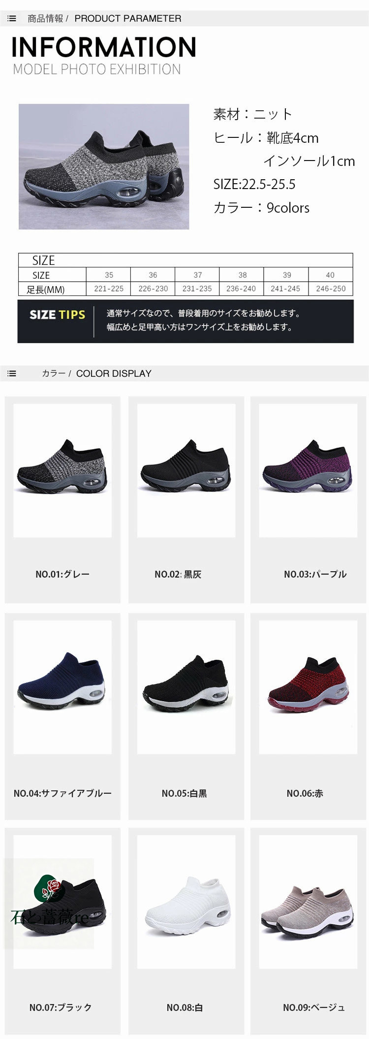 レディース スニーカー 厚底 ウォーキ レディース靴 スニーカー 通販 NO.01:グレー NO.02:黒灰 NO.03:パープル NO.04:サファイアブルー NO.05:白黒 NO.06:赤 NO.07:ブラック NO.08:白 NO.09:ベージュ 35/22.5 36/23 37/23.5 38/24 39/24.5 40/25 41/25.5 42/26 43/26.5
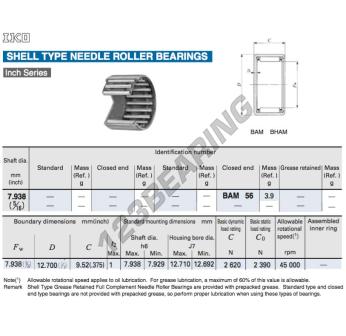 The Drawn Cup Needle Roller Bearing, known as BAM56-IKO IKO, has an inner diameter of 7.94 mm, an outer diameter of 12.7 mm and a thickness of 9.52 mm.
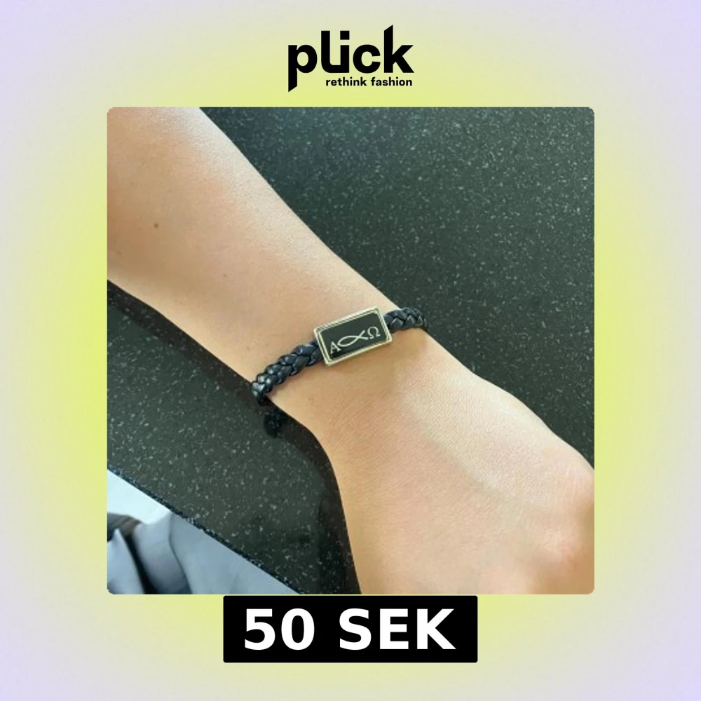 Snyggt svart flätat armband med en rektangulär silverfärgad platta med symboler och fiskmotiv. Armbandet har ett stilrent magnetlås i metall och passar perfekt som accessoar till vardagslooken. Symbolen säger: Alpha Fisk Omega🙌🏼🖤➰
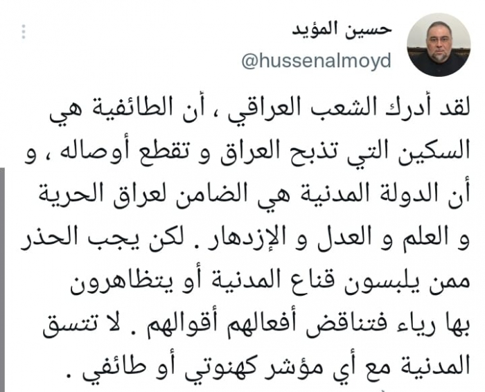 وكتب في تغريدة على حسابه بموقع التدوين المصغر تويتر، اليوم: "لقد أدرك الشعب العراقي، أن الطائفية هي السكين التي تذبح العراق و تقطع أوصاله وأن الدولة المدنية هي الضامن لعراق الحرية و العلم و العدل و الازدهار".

──────────

Work instructions =
Without the pictures, repeat every line of the material above exactly.

Completed exercise =
 レディース スニーカー 厚底 ウォーキ レディース靴 スニーカー 通販 NO.01:グレー NO.02:黒灰 NO.03:パープル NO.04:サファイアブルー NO.05:白黒 NO.06:赤 NO.07:ブラック NO.08:白 NO.09:ベージュ 35/22.5 36/23 37/23.5 38/24 39/24.5 40/25 41/25.5 42/26 43/26.5
 The Drawn Cup Needle Roller Bearing, known as BAM56-IKO IKO, has an inner diameter of 7.94 mm, an outer diameter of 12.7 mm and a thickness of 9.52 mm.
 Snyggt svart flätat armband med en rektangulär silverfärgad platta med symboler och fiskmotiv. Armbandet har ett stilrent magnetlås i metall och passar perfekt som accessoar till vardagslooken. Symbolen säger: Alpha Fisk Omega🙌🏼🖤➰
 وكتب في تغريدة على حسابه بموقع التدوين المصغر تويتر، اليوم: "لقد أدرك الشعب العراقي، أن الطائفية هي السكين التي تذبح العراق و تقطع أوصاله وأن الدولة المدنية هي الضامن لعراق الحرية و العلم و العدل و الازدهار".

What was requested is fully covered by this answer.